EXERCISE BRIEF:
Please return exactly the lines from the top of the data through the line that contains "Дана вещественная матрица", and skip all pictures.

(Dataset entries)
<<<<

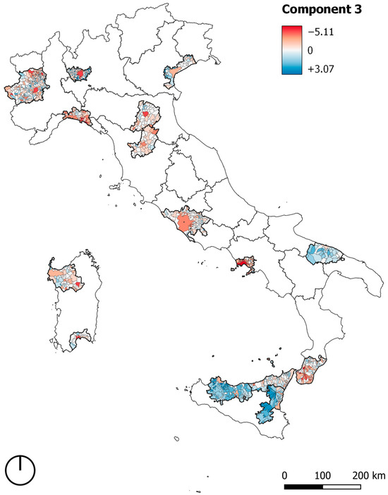 Component 3 (Figure 5) shows variations at a finer scale within each metropolitan area. Although it is difficult to identify common patterns, metropolitan centers stand out in many cases for being characterized by more negative values of component 3 compared to their surroundings (e.g., Naples, Milan, Bologna). This indicates that the vulnerability to energy poverty in the main cities tends to be related to those factors that have a negative loading on component 3, i.e., percentage of single-parent households and percentage of households living in rented accommodations. Overall, these have a much stronger influence than the factors characterized by a direct correlation (percentage of population under 4 and percentage of homes with independent heating).
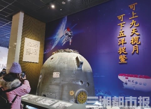 (1月18日,韶山毛泽东同志纪念馆,神舟十号载人飞船返回舱在此展出。)
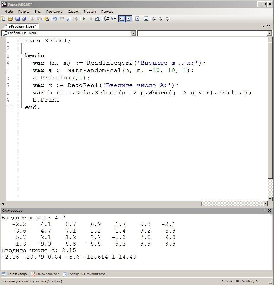 Дана вещественная матрица размерности n на m. Сформировать вектор b, каждый элемент которого вычисляется как произведение элементов меньших заданного А, соответствующего столбца
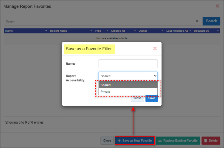 - Shared: The favorite report is visible to all users under the same account. Any user can view and use the saved configuration, but only the owner can modify or delete it.
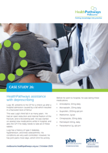 This was Luigi’s third fall in as many years. He had an open reduction and internal fixation of the fracture, and is recovering well. He was started on several new medications while in hospital, and asks the GP if he really needs to take all of these tablets.
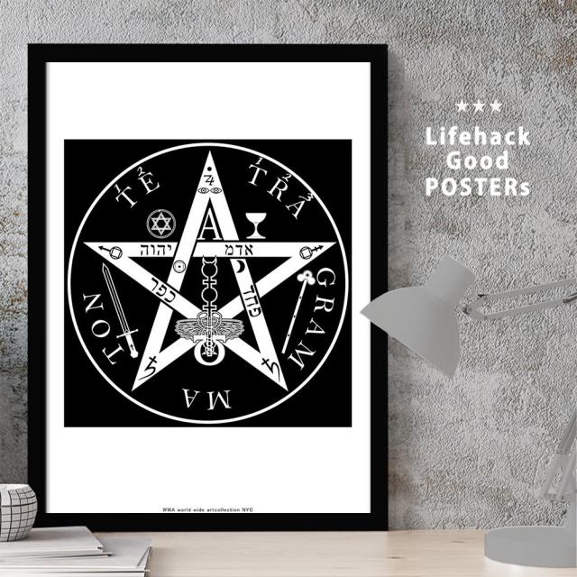 アートパネル | 高解像度 アートポスター | A3サイズ フレーム付き | テトラグラマトン ヤハウェ ペンタグラム 神聖四文字 YHWH エホバ モノトーン 白黒
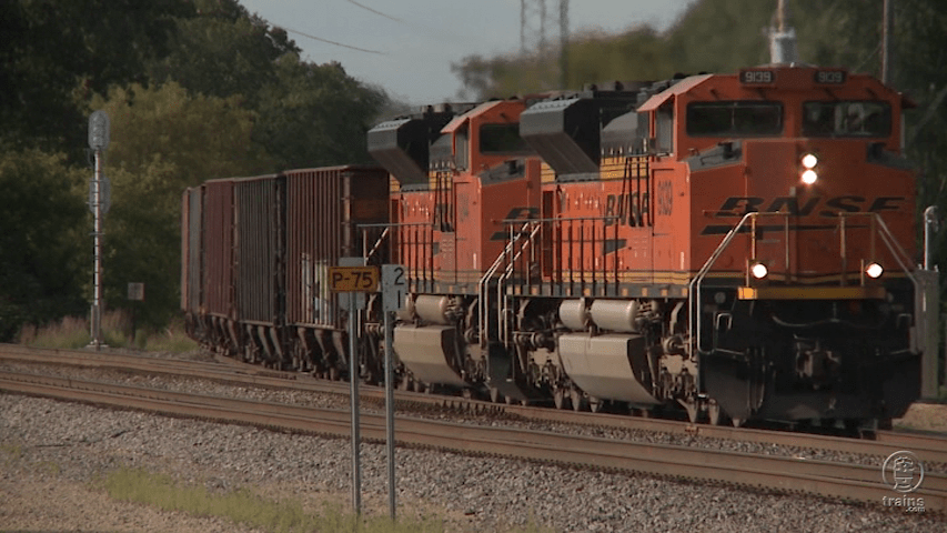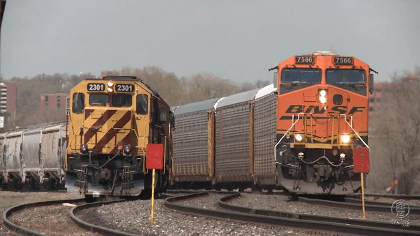 Twin Cities Hot Spots. Minneapolis- St. Paul and Coon Rapids. Starts on former Burlington Route and Milwaukee Road tracks. BNSF 7566 leads auto racks past a standing Twin Cities & Western freight with #2301 in front.

>>>>

TASK RESULT:
 Component 3 (Figure 5) shows variations at a finer scale within each metropolitan area. Although it is difficult to identify common patterns, metropolitan centers stand out in many cases for being characterized by more negative values of component 3 compared to their surroundings (e.g., Naples, Milan, Bologna). This indicates that the vulnerability to energy poverty in the main cities tends to be related to those factors that have a negative loading on component 3, i.e., percentage of single-parent households and percentage of households living in rented accommodations. Overall, these have a much stronger influence than the factors characterized by a direct correlation (percentage of population under 4 and percentage of homes with independent heating).
 (1月18日,韶山毛泽东同志纪念馆,神舟十号载人飞船返回舱在此展出。)
 Дана вещественная матрица размерности n на m. Сформировать вектор b, каждый элемент которого вычисляется как произведение элементов меньших заданного А, соответствующего столбца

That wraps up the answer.